When Will AI Exceed Human Performance? Evidence from AI Experts

  • To adapt public policy, we need to better anticipate the coming of AI.
  • Paper reports the results from a large survey of ML researchers on their beliefs about progress in AI.
  • Results show that researchers believe there’s a 50% chance of AI outperforming humans in all tasks in 45 years.
  • AI will have massive social consequences.
  • Objective measures of future AI advances
    • Trends in computing hardware
    • Task performance
    • Automation of labor
  • Survey population consists of 352 researchers who published at the 2015 NIPS and ICML conferences.
  • High-level machine intelligence (HLMI): when unaided machines can accomplish every task better and more cheaply than human workers.
  • Interestingly, Asian respondents expect HLMI in 30 years, whereas North Americans expect it in 74 years.

Figure 1

  • However, a similar question that asked when all occupations would be fully automatable had a 50% chance in 122 years from now and a 10% chance in 20 years.
  • Key findings
    • Researchers believe the field of ML has accelerated in recent years.
    • Explosive progress in AI after HLMI is seen as possible but improbable.
    • HLMI is seen as likely to have positive outcomes but catastrophic risks are possible.
    • Society should prioritize research aimed at minimizing the potential risks of AI.
  • There are big differences between respondents in when they predict HLMI.
  • Citation count and seniority weren’t predictive of HLMI timelines.
  • Asians expect HLMI 44 years before North Americans.

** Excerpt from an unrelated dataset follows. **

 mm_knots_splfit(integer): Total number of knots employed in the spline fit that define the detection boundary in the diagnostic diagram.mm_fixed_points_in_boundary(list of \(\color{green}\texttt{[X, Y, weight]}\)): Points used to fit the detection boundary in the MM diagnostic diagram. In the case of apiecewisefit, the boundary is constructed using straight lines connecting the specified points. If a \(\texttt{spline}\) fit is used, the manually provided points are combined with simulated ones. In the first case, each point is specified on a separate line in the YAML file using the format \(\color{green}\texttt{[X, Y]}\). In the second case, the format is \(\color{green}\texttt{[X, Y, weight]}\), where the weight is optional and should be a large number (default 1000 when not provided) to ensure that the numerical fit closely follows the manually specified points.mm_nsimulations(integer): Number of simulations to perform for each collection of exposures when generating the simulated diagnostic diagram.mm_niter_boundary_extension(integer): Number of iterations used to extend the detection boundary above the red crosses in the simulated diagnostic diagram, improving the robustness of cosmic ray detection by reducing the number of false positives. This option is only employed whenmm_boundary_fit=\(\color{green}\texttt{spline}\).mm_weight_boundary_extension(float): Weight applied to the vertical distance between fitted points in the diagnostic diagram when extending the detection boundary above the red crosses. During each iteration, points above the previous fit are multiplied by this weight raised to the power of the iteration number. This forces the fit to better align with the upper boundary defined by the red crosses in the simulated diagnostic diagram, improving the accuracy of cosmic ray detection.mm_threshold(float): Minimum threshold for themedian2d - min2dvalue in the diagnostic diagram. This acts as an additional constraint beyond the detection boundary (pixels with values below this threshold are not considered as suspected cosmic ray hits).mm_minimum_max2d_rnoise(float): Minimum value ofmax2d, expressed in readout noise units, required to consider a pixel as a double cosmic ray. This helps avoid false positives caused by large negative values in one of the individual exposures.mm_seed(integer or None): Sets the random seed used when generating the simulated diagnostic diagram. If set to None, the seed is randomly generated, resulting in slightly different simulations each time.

Towards Biologically Plausible Deep Learning

  • Neuroscience has long criticized that DL is incompatible with current knowledge of neurobiology.
  • Paper explores more biologically plausible versions of DL, focusing mostly on unsupervised learning.
  • The starting point is the basic learning rule believed to govern synaptic weight updates: spike-timing dependent plasticity (STDP).
  • This corresponds to a form of the variational EM algorithm.
  • The main problem is to have algorithms that account for credit assignment through a long chain of neural connections.
  • Backpropagation is one solution, but it isn’t biologically plausible.
  • Boltzmann machines are probably the most biologically plausible learning algorithms for deep architectures that we currently know.
  • STDP as stochastic gradient descent.
  • Skimmed the rest of the paper due to heavy math and lack of interest.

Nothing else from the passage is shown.